■ **WHAT TO WORK ON**
Once the pictures are set aside, repeat all of the data below exactly.

■ **PROVIDED DATA**

▽

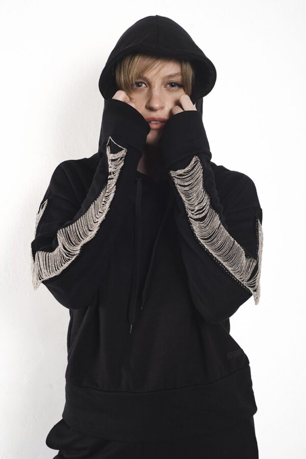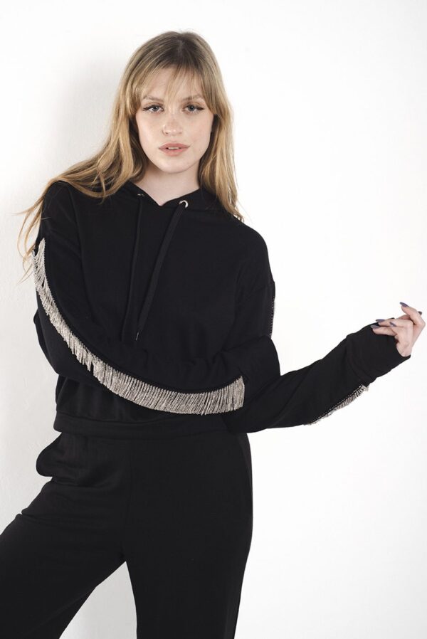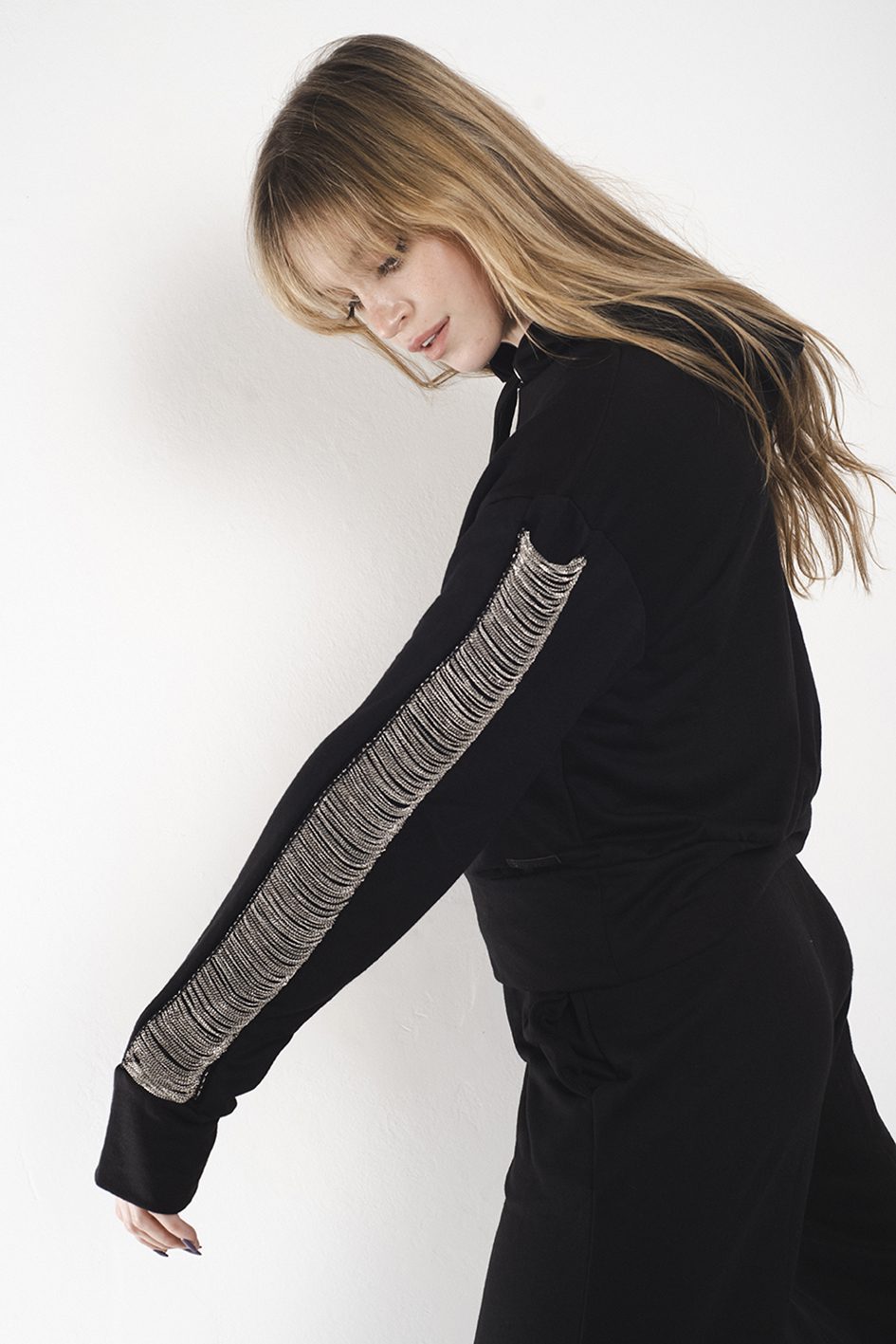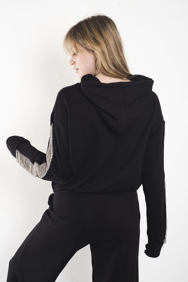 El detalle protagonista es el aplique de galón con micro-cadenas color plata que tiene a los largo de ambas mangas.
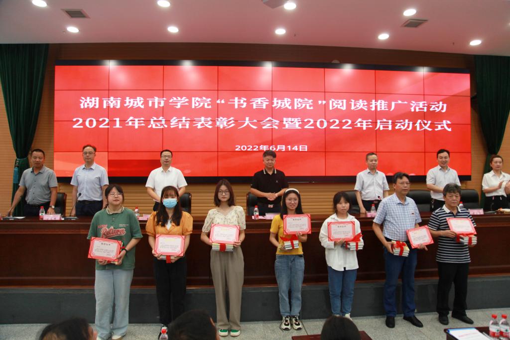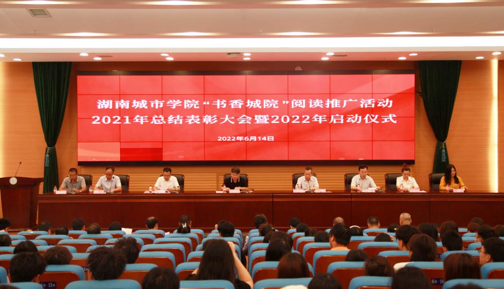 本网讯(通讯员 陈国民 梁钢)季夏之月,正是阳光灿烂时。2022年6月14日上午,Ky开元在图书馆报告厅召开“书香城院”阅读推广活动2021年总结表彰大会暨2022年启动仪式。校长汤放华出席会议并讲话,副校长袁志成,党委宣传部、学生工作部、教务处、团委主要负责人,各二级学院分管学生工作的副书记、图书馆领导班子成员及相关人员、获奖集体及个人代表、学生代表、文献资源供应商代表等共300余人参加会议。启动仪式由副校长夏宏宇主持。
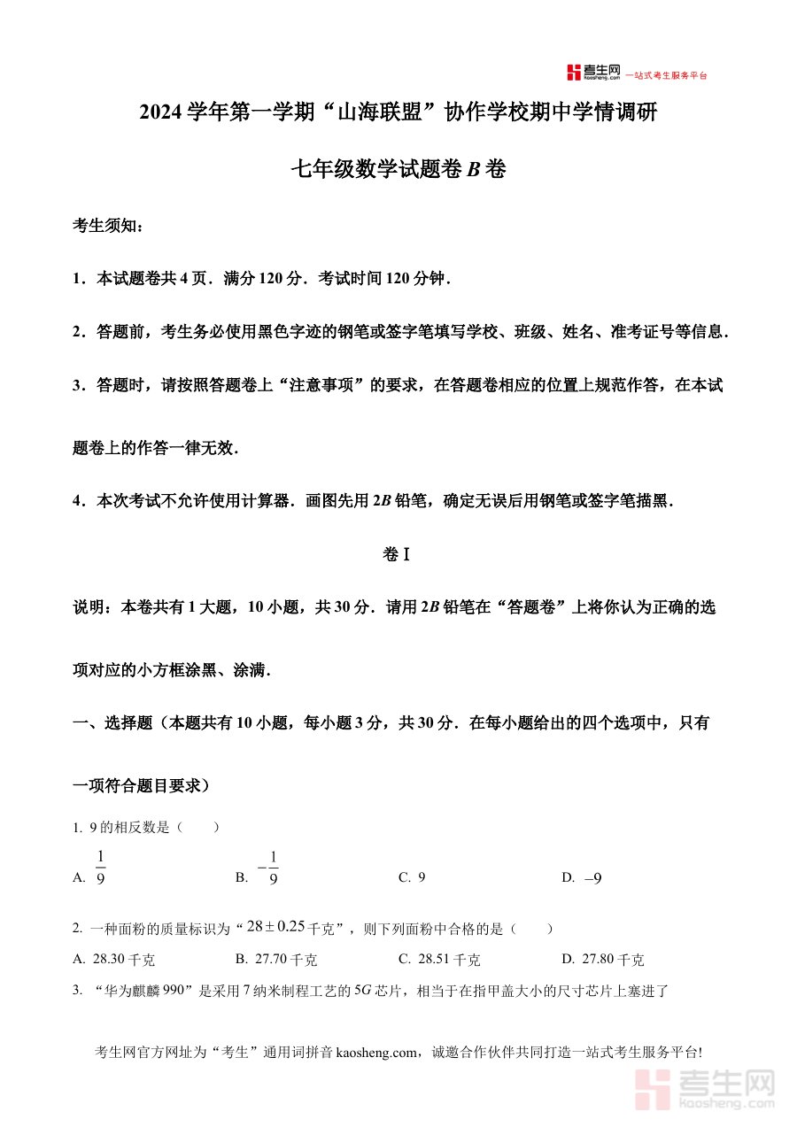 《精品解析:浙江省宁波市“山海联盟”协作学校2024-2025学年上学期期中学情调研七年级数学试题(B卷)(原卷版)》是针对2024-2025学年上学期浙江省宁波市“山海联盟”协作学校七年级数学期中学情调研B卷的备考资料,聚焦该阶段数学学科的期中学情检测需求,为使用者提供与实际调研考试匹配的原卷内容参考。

△

■ **OUTPUT OF THE TASK**
 El detalle protagonista es el aplique de galón con micro-cadenas color plata que tiene a los largo de ambas mangas.
 本网讯(通讯员 陈国民 梁钢)季夏之月,正是阳光灿烂时。2022年6月14日上午,Ky开元在图书馆报告厅召开“书香城院”阅读推广活动2021年总结表彰大会暨2022年启动仪式。校长汤放华出席会议并讲话,副校长袁志成,党委宣传部、学生工作部、教务处、团委主要负责人,各二级学院分管学生工作的副书记、图书馆领导班子成员及相关人员、获奖集体及个人代表、学生代表、文献资源供应商代表等共300余人参加会议。启动仪式由副校长夏宏宇主持。
 《精品解析:浙江省宁波市“山海联盟”协作学校2024-2025学年上学期期中学情调研七年级数学试题(B卷)(原卷版)》是针对2024-2025学年上学期浙江省宁波市“山海联盟”协作学校七年级数学期中学情调研B卷的备考资料,聚焦该阶段数学学科的期中学情检测需求,为使用者提供与实际调研考试匹配的原卷内容参考。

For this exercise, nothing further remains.